What the exercise asks | With the line containing "A dose diária" as the start and the line containing "herkenbare rode galerijen." as the end, transcribe that span of the entries below exactly, including both.

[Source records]
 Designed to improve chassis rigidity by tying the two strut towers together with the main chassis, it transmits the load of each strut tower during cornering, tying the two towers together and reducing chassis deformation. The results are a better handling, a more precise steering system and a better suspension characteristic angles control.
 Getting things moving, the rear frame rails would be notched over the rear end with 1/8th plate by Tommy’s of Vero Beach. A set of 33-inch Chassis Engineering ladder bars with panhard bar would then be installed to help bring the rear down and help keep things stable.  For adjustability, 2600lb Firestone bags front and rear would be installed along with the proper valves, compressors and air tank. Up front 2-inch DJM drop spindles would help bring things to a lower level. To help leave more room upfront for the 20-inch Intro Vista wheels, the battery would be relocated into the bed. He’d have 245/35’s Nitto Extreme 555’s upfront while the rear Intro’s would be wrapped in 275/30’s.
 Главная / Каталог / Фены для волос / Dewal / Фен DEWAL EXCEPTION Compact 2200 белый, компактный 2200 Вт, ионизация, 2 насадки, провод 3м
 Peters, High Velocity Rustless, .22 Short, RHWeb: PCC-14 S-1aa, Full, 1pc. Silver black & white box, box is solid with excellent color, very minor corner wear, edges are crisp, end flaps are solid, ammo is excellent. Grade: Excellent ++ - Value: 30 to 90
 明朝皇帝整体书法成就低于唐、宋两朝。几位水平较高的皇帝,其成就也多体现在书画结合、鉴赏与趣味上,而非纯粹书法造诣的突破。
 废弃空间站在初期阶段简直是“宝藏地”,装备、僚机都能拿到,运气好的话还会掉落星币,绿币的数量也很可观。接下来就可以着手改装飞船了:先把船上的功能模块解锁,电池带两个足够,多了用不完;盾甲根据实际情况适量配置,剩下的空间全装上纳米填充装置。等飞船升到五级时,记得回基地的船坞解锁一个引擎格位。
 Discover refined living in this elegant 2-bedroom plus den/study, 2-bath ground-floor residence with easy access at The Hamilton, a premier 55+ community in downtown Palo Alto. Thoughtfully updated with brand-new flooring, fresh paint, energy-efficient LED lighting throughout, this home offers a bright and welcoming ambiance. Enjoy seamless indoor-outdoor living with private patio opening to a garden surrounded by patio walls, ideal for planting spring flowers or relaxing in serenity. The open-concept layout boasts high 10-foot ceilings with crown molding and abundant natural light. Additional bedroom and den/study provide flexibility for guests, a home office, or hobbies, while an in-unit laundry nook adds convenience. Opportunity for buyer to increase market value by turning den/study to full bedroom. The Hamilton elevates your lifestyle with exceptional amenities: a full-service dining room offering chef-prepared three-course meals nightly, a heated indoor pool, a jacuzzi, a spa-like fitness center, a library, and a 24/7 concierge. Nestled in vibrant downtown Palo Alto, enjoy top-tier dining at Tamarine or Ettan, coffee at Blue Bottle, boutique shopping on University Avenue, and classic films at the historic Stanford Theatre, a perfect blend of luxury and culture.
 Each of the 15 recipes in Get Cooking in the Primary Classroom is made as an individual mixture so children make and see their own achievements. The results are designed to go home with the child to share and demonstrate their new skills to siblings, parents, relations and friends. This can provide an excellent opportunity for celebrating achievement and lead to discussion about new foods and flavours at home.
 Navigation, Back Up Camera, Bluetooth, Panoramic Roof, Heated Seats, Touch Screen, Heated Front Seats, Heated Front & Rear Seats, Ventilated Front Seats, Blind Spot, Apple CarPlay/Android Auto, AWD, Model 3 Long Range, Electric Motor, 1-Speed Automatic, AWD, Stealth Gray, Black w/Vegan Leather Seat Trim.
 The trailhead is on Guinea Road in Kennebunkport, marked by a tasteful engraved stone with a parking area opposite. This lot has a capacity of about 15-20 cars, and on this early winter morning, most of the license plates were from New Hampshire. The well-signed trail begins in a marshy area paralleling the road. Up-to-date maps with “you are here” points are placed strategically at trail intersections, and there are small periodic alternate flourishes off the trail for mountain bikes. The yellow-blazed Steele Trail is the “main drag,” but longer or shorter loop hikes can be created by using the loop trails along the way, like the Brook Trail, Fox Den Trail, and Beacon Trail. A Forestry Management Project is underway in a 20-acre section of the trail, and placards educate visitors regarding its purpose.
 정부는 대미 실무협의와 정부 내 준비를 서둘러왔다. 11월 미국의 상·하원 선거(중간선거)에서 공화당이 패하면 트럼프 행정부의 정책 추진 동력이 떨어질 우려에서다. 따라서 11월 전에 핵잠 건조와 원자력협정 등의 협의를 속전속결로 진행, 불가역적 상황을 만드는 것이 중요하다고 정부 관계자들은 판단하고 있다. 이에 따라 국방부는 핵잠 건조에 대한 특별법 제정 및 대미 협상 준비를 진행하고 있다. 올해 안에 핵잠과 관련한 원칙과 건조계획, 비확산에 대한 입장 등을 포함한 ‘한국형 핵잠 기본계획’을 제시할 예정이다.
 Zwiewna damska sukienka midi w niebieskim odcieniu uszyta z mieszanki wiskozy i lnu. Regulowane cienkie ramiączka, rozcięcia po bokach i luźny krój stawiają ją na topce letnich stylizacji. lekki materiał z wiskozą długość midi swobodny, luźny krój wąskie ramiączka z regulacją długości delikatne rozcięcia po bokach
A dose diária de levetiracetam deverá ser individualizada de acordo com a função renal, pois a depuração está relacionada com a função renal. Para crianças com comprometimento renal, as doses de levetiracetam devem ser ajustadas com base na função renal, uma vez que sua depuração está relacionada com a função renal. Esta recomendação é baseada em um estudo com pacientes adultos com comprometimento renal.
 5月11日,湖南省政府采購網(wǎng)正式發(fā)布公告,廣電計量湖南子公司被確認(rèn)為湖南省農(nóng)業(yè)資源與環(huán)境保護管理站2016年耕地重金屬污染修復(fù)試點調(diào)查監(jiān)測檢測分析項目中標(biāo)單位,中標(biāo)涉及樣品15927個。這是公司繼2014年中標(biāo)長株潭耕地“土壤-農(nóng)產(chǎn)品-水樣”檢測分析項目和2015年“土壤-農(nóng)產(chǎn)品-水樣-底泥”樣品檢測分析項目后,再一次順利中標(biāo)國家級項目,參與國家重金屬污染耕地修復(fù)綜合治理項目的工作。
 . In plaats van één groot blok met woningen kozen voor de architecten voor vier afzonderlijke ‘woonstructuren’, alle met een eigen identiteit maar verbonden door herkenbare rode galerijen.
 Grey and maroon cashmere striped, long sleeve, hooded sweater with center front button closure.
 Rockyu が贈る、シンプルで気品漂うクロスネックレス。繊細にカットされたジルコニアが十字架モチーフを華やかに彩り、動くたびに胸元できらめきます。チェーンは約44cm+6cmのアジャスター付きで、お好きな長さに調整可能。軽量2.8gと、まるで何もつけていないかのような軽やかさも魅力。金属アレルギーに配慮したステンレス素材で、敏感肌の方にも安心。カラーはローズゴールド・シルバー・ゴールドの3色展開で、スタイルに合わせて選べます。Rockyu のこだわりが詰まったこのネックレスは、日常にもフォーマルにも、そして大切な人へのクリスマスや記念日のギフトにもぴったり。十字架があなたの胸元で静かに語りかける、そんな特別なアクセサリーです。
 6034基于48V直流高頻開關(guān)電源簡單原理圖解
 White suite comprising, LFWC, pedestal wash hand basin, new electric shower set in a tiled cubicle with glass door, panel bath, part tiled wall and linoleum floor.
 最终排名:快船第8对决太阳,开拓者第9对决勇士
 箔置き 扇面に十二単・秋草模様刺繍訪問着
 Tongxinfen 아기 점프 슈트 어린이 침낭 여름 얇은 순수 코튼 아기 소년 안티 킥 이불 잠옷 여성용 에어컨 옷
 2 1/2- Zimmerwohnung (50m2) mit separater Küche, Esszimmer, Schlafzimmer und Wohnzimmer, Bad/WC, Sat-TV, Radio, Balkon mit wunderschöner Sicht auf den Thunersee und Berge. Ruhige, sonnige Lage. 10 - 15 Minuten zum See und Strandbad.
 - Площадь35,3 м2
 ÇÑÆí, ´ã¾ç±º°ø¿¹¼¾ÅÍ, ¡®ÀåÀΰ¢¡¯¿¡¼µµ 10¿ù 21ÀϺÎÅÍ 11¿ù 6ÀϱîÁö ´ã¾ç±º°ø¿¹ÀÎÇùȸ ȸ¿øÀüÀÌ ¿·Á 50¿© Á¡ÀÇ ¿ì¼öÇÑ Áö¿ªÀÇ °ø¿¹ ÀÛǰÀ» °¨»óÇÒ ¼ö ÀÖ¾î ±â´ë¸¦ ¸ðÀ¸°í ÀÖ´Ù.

Exercise solution |
A dose diária de levetiracetam deverá ser individualizada de acordo com a função renal, pois a depuração está relacionada com a função renal. Para crianças com comprometimento renal, as doses de levetiracetam devem ser ajustadas com base na função renal, uma vez que sua depuração está relacionada com a função renal. Esta recomendação é baseada em um estudo com pacientes adultos com comprometimento renal.
 5月11日,湖南省政府采購網(wǎng)正式發(fā)布公告,廣電計量湖南子公司被確認(rèn)為湖南省農(nóng)業(yè)資源與環(huán)境保護管理站2016年耕地重金屬污染修復(fù)試點調(diào)查監(jiān)測檢測分析項目中標(biāo)單位,中標(biāo)涉及樣品15927個。這是公司繼2014年中標(biāo)長株潭耕地“土壤-農(nóng)產(chǎn)品-水樣”檢測分析項目和2015年“土壤-農(nóng)產(chǎn)品-水樣-底泥”樣品檢測分析項目后,再一次順利中標(biāo)國家級項目,參與國家重金屬污染耕地修復(fù)綜合治理項目的工作。
 . In plaats van één groot blok met woningen kozen voor de architecten voor vier afzonderlijke ‘woonstructuren’, alle met een eigen identiteit maar verbonden door herkenbare rode galerijen.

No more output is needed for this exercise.